Out-of-network care is confusing and costly. In a traditional benefits model—the BUCA system (Blue Cross, UnitedHealthcare, Cigna, Aetna)—out-of-network care means an employee sees a provider who hasn't signed a contract with their plan. No contract means higher costs, unpredictable bills, and lots of paperwork.
Here's how it usually works: balance billing, deductibles and coinsurance, and reimbursement limits. We'll cover each.
How Out-of-Network Costs Are Calculated
When an employee uses an out-of-network provider, the insurance company doesn't cover the full billed amount. Instead, it pays based on a “usual, customary, and reasonable” (UCR) rate. The difference between what the provider charges and what the insurer says is “reasonable” gets billed directly to the employee. That's balance billing.
Here's a simplified example:
- Provider bills $1,000 for a service.
- Insurer's UCR rate is $600.
- After a deductible and coinsurance (say, 30% coinsurance), the insurer pays $420.
- The employee owes the $180 in coinsurance, plus the $400 balance bill from the provider—a total of $580 out-of-pocket.
Contrast that with in-network care: the provider has agreed to accept the insurer's negotiated rate (e.g., $600) as payment in full. The employee only pays their share of that $600. It's a mess.
Deductibles and Out-of-Pocket Maximums Differ
Out-of-network deductibles are usually higher. WellthCare eliminates deductibles for preventive care entirely, offering $0-copay services that get used first so employees never have to choose between their health and their wallet. For example, an employee might have a $1,500 in-network deductible but a $3,000 out-of-network deductible. Same goes for out-of-pocket maxes: $4,000 in-network vs. $8,000 out-of-network. That adds up fast.
When Out-of-Network Care Is Covered at All
Not all plans cover out-of-network care. Many HMOs and EPOs provide no coverage except in true emergencies. PPOs and POS plans typically cover it, but at a lower rate—say 50–70% coinsurance instead of 80–90%.
The Role of Surprise Billing Protections
The No Surprises Act (2022) helps. It bans surprise out-of-network bills for emergency services, certain non-emergency services at in-network facilities, and air ambulance services. Under this law, out-of-network providers can't balance bill more than the in-network cost-sharing amount. Instead, the insurer and provider go through independent dispute resolution. But this doesn't cover everything—if you voluntarily choose an out-of-network provider for a non-emergency, the old rules still apply.
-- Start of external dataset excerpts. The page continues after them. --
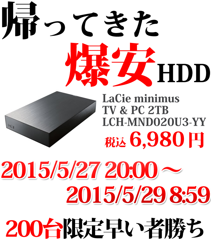LaCieの激安HDDを急遽200台確保いたしました!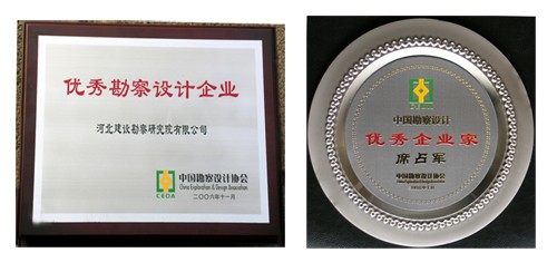 我公司喜獲中國勘察設計協(xié)會頒發(fā)的“優(yōu)秀勘察設計企業(yè)”榮譽稱號,董事長席占軍獲“優(yōu)秀企業(yè)家”稱號。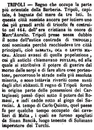 | Tripoli - Regno che occupa la parte più orientale della Barberia. Tripoli, capitale, è bagnata dal mare da tre lati. In questa città sussiste ancora per intiero uno dei più grandi archi di trionfo: fu costruito nel 164. dell'era cristiana in onore di Marc'Aurelio. Tripoli prese senza dubbio il nome dall'antica contrada di tripolis; così nominata perchè racchiudeva tre città principali, cioè sabrata, oca e leptis magna. Alcuni avanzi di quella popolazione, cui gli antichi chiamavano psylles, ed alla quale si attribuiva il potere di guarire dal morso delle serpi e di fare altre cose portentose, percorrono le strade nella più assoluta miseria, e sono tuttavia riveriti come santi dagli altri abitanti. Il regno di Tripoli formò in origine parte delle possessioni dei Cartaginesi; passò dipoi sotto il potere dei Romani, e indi cadde sotto il giogo dei Saracini. A tempo di Carlo Quinto, quel paese fu per qualche tempo occupato dai cavalieri di Malta, i quali ne furono spogliati da Sinan Bascià, luogo tenente di Solimano imperatore dei Turchi. [immagine] |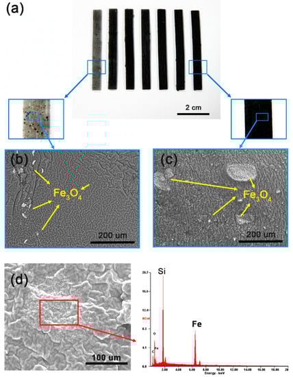 We observed an enlarged cross-section in the BSE mode of SEM analysis (Figure 1b,c). Shiny lumps, a few micrometers to several hundred micrometers in size, are positioned in the silicone matrix. In the actuator with a low iron oxide concentration of 1%, iron oxide lumps are observed only on some sides, but in an actuator with a high iron oxide concentration of 20%, lumps are distributed evenly on most parts. The higher the concentration of iron oxide particles, the greater the distribution of iron oxide masses. Microanalysis confirmed that the shiny bright spots between the silicone chains corresponded to iron (Figure 1d).

Why This Matters in the WellthCare Ecosystem
At WellthCare, we see costly out-of-network care as a symptom of a broken system. Traditional plans are designed for sickness, not prevention. So employees delay care, get hit with surprise bills, and end up worse off. Our approach? We work alongside your existing health plan, and you use us first. Employees get $0-co-pay preventive care, earn free money at the WellthCare Store, and build their Pension automatically—all without the out-of-network headache. Because WellthCare rewards prevention upfront, employees rarely need to navigate out-of-network markets for routine care. And when they do, transparency tools help them make informed choices.
Best Practices for Employers
What can employers do?
- Educate employees about network rules during open enrollment and year-round.
- Give them simple tools to find in-network providers.
- Consider adding a WellthCare layer to encourage preventive care first, reducing reliance on expensive out-of-network services.
- Review your plan's out-of-network deductibles and make sure they're clearly communicated.
- Stay compliant with the No Surprises Act and any state-level protections.
The best way to handle out-of-network care? Design a system where employees don't need it—because in-network options are affordable, accessible, and aligned with health goals. That's the WellthCare promise: healthcare that pays you back, no surprises.